▶ _What to produce_
Copy the data below exactly. Any pictures in it should be omitted.

▶ _Collected data_
== == ==

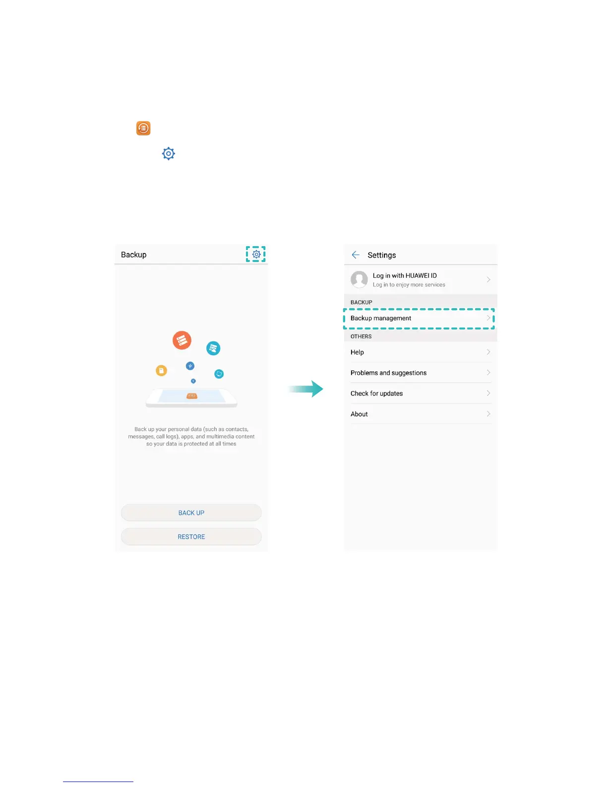 2 Then touch the icon at the top of screen, and then touch Backup management.
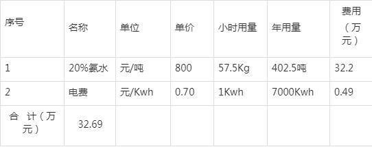 五、加热炉SCR脱硝运行费用:(年运行7000小时)
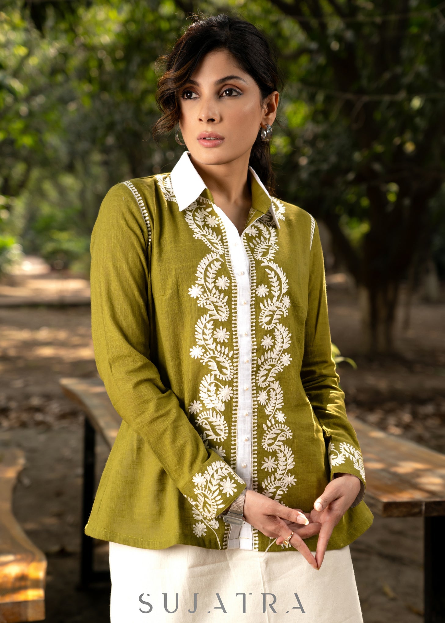 Trendy Moss Green Cotton Embroidered Shirt with Chikankari Inspired Embroidery
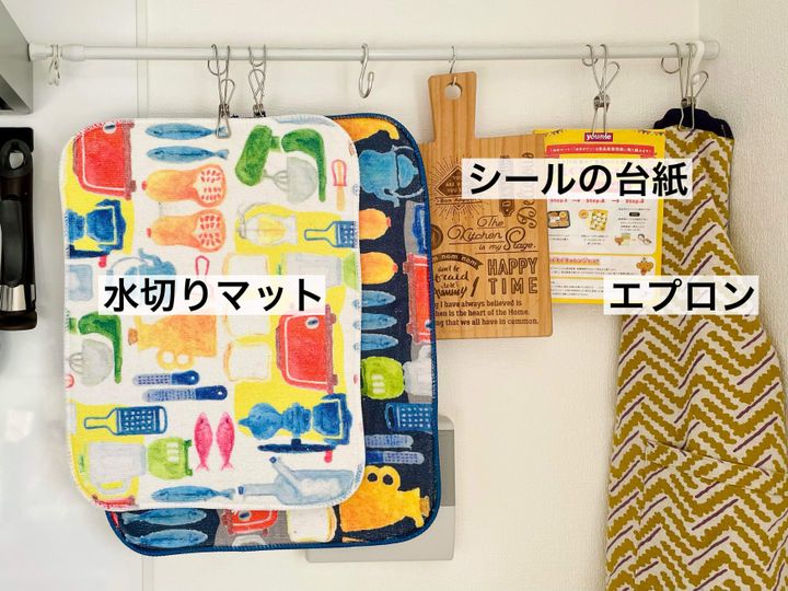 エプロンはここにあると、揚げ物をする前にパッとつけられて都合が良いんです。水切りマットも、使った後はここにかけて乾かしていますよ。

== == ==

▶ _Task answer_
 2 Then touch the icon at the top of screen, and then touch Backup management.
 五、加热炉SCR脱硝运行费用:(年运行7000小时)
 Trendy Moss Green Cotton Embroidered Shirt with Chikankari Inspired Embroidery
 エプロンはここにあると、揚げ物をする前にパッとつけられて都合が良いんです。水切りマットも、使った後はここにかけて乾かしていますよ。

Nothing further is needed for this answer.